• _Exercise directions_: Transcribe only what runs from the line containing "According to The" through the end of the listing, line for line and exactly, and omit the pictures.

• _Given data_:
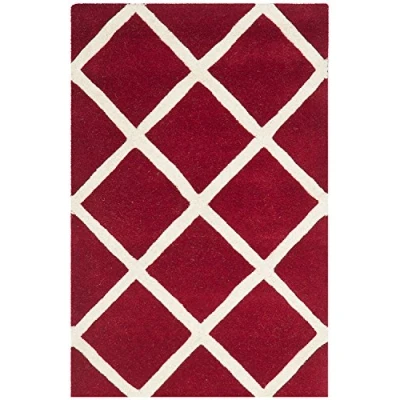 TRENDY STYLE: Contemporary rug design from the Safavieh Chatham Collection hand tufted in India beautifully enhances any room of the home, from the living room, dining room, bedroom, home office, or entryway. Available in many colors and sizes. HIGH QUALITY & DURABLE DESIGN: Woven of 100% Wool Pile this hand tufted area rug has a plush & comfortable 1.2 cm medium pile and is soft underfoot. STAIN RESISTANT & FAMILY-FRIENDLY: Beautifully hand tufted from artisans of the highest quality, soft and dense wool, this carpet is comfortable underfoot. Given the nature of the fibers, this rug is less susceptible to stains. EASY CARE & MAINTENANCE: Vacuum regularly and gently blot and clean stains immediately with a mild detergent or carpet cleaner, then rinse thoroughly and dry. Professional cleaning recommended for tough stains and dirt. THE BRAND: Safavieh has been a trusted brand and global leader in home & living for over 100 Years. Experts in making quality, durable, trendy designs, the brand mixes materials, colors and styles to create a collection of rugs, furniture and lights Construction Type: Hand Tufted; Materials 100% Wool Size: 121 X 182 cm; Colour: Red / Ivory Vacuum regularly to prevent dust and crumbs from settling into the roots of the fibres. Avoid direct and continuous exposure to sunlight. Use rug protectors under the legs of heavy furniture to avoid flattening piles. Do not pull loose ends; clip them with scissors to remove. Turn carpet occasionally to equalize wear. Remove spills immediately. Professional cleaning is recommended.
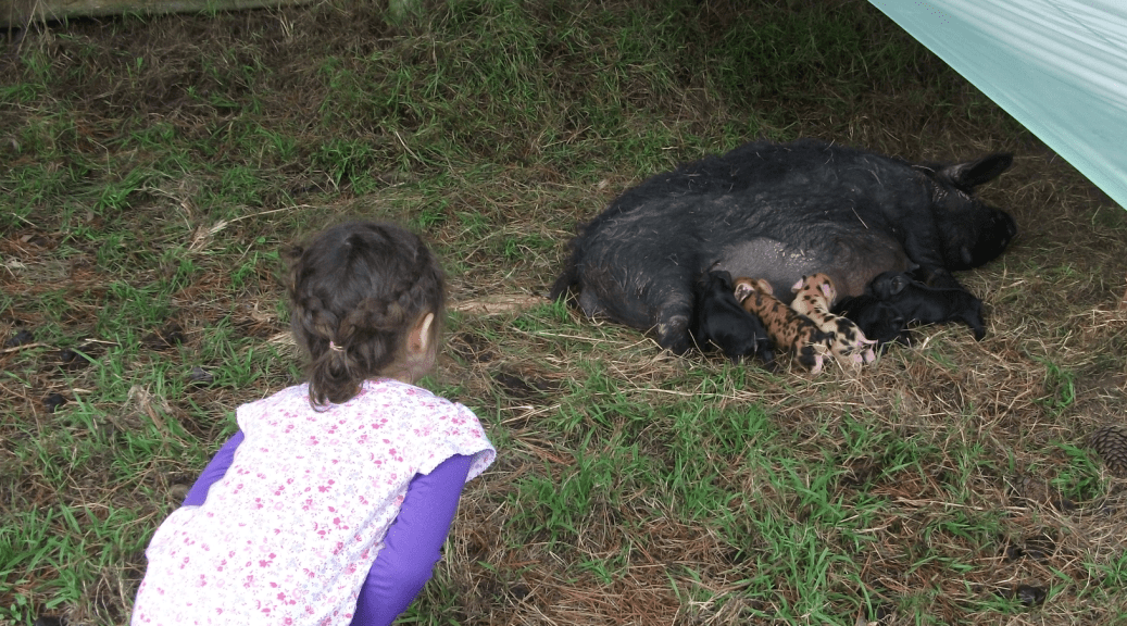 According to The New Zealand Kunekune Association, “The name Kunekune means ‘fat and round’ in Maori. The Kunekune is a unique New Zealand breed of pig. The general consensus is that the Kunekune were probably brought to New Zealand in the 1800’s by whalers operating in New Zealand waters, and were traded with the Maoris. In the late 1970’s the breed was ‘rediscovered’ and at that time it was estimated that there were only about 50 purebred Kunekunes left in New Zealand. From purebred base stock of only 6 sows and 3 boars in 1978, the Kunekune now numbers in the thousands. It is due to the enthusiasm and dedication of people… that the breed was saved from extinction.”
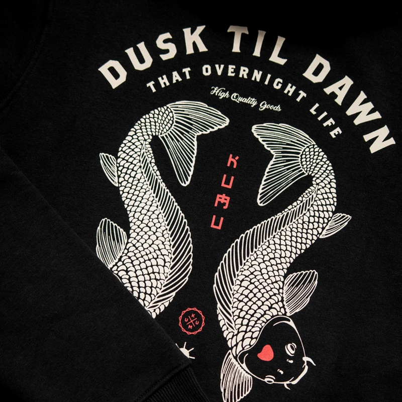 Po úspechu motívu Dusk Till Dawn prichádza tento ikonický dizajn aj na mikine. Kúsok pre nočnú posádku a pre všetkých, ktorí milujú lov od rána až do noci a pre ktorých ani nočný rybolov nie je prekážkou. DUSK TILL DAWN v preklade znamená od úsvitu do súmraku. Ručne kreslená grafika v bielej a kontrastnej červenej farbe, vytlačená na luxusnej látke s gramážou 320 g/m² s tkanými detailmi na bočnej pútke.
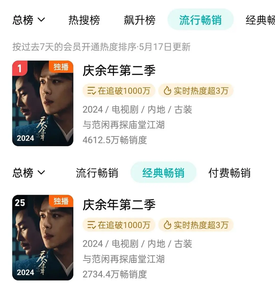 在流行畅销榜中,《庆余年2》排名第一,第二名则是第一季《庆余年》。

• _Task solution_:
 According to The New Zealand Kunekune Association, “The name Kunekune means ‘fat and round’ in Maori. The Kunekune is a unique New Zealand breed of pig. The general consensus is that the Kunekune were probably brought to New Zealand in the 1800’s by whalers operating in New Zealand waters, and were traded with the Maoris. In the late 1970’s the breed was ‘rediscovered’ and at that time it was estimated that there were only about 50 purebred Kunekunes left in New Zealand. From purebred base stock of only 6 sows and 3 boars in 1978, the Kunekune now numbers in the thousands. It is due to the enthusiasm and dedication of people… that the breed was saved from extinction.”
 Po úspechu motívu Dusk Till Dawn prichádza tento ikonický dizajn aj na mikine. Kúsok pre nočnú posádku a pre všetkých, ktorí milujú lov od rána až do noci a pre ktorých ani nočný rybolov nie je prekážkou. DUSK TILL DAWN v preklade znamená od úsvitu do súmraku. Ručne kreslená grafika v bielej a kontrastnej červenej farbe, vytlačená na luxusnej látke s gramážou 320 g/m² s tkanými detailmi na bočnej pútke.
 在流行畅销榜中,《庆余年2》排名第一,第二名则是第一季《庆余年》。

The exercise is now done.